Big Data science
Making better sense of Big Data
“Big Data” does not have to imply “Big Hardware”
Our SAx platform has been meticulously optimized to achieve massive data processing and analysis capabilities with minimal hardware.
SAx is designed to process many billions of events per day with a small handful of servers. Unlike traditional Hadoop systems that require large numbers of servers for even introductory analytics capabilities, SAx does more with much less than a Hadoop-based infrastructure.
Store the needle, not the haystack
As data management systems continue to mature, more and more individual interactions and events are being captured. The result is ever-increasing volumes of data to analyze.
Storing all of this content in raw form becomes very cost ineffective and unmanageable. SAx is designed to analyze these massive streams of raw data, extract the content that is of value, enrich that content, and discard the content that has no business value or significance.
This process results in data flows that are drastically reduced in volume, yielding data sets that are both manageable and rich in value. We are domain experts. We rely on our countless years of experience working in the telecommunication industry analyzing data to know what to keep and what to discard. This is core to the SAx DNA.

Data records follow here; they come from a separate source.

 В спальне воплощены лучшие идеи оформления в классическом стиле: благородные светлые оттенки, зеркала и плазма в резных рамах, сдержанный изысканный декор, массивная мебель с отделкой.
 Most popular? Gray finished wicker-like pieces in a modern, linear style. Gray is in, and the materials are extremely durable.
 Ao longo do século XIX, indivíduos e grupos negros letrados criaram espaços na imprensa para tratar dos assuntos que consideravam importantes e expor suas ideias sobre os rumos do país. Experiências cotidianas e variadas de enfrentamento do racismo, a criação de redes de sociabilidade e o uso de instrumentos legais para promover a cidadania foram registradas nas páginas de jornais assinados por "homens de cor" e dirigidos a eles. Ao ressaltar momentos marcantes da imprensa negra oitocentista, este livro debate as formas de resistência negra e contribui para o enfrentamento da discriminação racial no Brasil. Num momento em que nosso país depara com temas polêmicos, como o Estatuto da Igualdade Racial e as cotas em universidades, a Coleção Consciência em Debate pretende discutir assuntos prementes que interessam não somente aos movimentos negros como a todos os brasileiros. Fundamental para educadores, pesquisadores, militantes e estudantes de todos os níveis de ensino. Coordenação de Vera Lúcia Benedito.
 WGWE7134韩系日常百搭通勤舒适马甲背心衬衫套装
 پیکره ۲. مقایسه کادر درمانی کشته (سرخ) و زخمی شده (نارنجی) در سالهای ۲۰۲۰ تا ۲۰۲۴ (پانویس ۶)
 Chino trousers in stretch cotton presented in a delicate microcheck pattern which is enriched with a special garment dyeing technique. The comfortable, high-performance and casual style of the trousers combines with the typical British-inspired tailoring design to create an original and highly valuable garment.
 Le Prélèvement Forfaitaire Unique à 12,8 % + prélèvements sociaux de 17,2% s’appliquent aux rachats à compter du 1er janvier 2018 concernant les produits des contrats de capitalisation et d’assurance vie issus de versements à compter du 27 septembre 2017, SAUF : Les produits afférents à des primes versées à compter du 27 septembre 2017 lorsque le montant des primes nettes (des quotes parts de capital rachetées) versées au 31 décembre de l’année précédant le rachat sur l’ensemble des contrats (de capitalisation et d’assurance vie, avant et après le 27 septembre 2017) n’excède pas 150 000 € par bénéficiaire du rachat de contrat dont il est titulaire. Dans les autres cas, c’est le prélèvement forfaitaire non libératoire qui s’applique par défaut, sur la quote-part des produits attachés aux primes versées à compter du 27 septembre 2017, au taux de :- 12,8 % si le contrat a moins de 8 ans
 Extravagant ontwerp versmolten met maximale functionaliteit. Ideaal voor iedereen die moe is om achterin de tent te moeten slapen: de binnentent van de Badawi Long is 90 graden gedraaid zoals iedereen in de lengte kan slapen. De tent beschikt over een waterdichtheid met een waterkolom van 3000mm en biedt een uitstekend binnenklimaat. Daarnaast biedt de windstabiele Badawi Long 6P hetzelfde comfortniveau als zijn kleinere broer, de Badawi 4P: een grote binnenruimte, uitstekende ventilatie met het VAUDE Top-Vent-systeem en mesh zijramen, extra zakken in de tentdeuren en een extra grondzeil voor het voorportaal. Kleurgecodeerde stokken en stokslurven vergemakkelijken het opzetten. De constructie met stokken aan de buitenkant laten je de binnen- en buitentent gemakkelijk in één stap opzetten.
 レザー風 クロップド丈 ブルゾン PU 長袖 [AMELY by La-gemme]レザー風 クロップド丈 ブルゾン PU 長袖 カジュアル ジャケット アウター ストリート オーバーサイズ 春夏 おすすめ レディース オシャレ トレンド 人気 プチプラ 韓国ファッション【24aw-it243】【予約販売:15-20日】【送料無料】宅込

Get answers now, not later
Speed of data analytics is core to the SAx foundation. Speed is critical on both the data ingest side as well as the data output side. SAx uses cutting edge technologies and proprietary methodologies to drink from the proverbial fire hose.
Our solution is capable of ingesting and enriching data flows at mind-blowing rates, in the order of 100k records per second per server. Our data modeling advancements allow us to structure vast volumes of data for immediate results. Leveraging Big Data to answer business questions is only of business value if the answers are achievable in reasonable amounts of time.
SAx has been designed to answer those important business questions in seconds, as opposed to the minutes or hours you might wait on getting similar answers from Hadoop-based systems.